◆ WORK REQUIRED:
Look through the records below for the line with "Earn points by throwing bolas". Return that line and each one after it up to and including the line with "Осуществляется покос травы, уборка", exactly.

Segment Start: INFORMATION SUPPLIED

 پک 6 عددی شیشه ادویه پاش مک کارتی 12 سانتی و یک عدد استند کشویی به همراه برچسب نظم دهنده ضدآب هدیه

Segment End: INFORMATION SUPPLIED
Segment Start: INFORMATION SUPPLIED

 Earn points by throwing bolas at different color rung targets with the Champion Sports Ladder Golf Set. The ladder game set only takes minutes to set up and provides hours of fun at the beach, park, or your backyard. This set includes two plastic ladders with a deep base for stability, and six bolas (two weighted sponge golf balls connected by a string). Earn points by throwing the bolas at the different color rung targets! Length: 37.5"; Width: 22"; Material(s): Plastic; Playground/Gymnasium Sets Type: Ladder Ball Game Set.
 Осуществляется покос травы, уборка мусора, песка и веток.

Segment End: INFORMATION SUPPLIED

◆ EXERCISE ANSWER:
 Earn points by throwing bolas at different color rung targets with the Champion Sports Ladder Golf Set. The ladder game set only takes minutes to set up and provides hours of fun at the beach, park, or your backyard. This set includes two plastic ladders with a deep base for stability, and six bolas (two weighted sponge golf balls connected by a string). Earn points by throwing the bolas at the different color rung targets! Length: 37.5"; Width: 22"; Material(s): Plastic; Playground/Gymnasium Sets Type: Ladder Ball Game Set.
 Осуществляется покос травы, уборка мусора, песка и веток.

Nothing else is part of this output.